Häufig zögen sich depressiv erkrankte Menschen von anderen zurück, "weil ihnen alles zu viel wird", sagte der Forscher. Dies könne zu Missverständnissen und Konflikten führen. Jede zweite Familie berichte jedoch im Rückblick, dass sich die Beziehung zueinander vertieft oder verfestigt habe. Wenn jemand eine Behandlung zunächst ablehne, helfe nur Geduld, fügte Hegerl hinzu.
Viele Beratungsangebote
Die Studie unter 5.000 Personen zwischen 18 und 69 Jahren umfasste den Angaben zufolge auch zwei offene Fragen.

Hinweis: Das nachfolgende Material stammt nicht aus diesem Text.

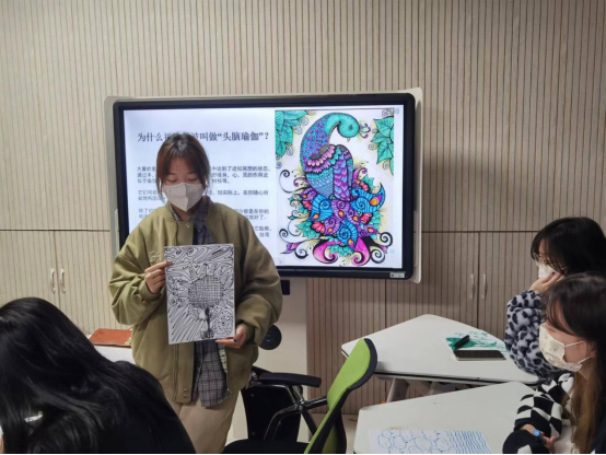 活动开始前,袁老师向同学们介绍了朋辈的概况以及团辅活动的意义。在之后的活动中,袁老师通过小组讨论、交流分享等形式让同学们明白了什么是禅绕画以及禅绕画的意义。也让参与活动的同学用禅绕画的方式来释放出压力,放松身心。在最后的环节,同学们展示了自己的禅绕画,并分享自己在制作禅绕画的过程中有什么样的感受。活动结束后,同学们纷纷表示受益匪浅,为解忧舒压找到了一种新的形式。

Auf die Frage, was Betroffenen am meisten geholfen habe, lautete die häufigste Antwort: "einfach da sein". Als eher kontraproduktiv beschrieben es die meisten, wenn nahestehende Menschen die Depression nicht als Erkrankung betrachtet oder Druck ausgeübt hätten.
Im Fall einer Erkrankung oder eines Verdachts auf Depression ist ein Gespräch mit einem Arzt oder einem Psychotherapeuten nach Angaben der Deutschen Depressionshilfe unverzichtbar. Zusätzlich gibt es kostenlose Online- oder Telefonberatungen, Selbsthilfegruppen und Online-Foren.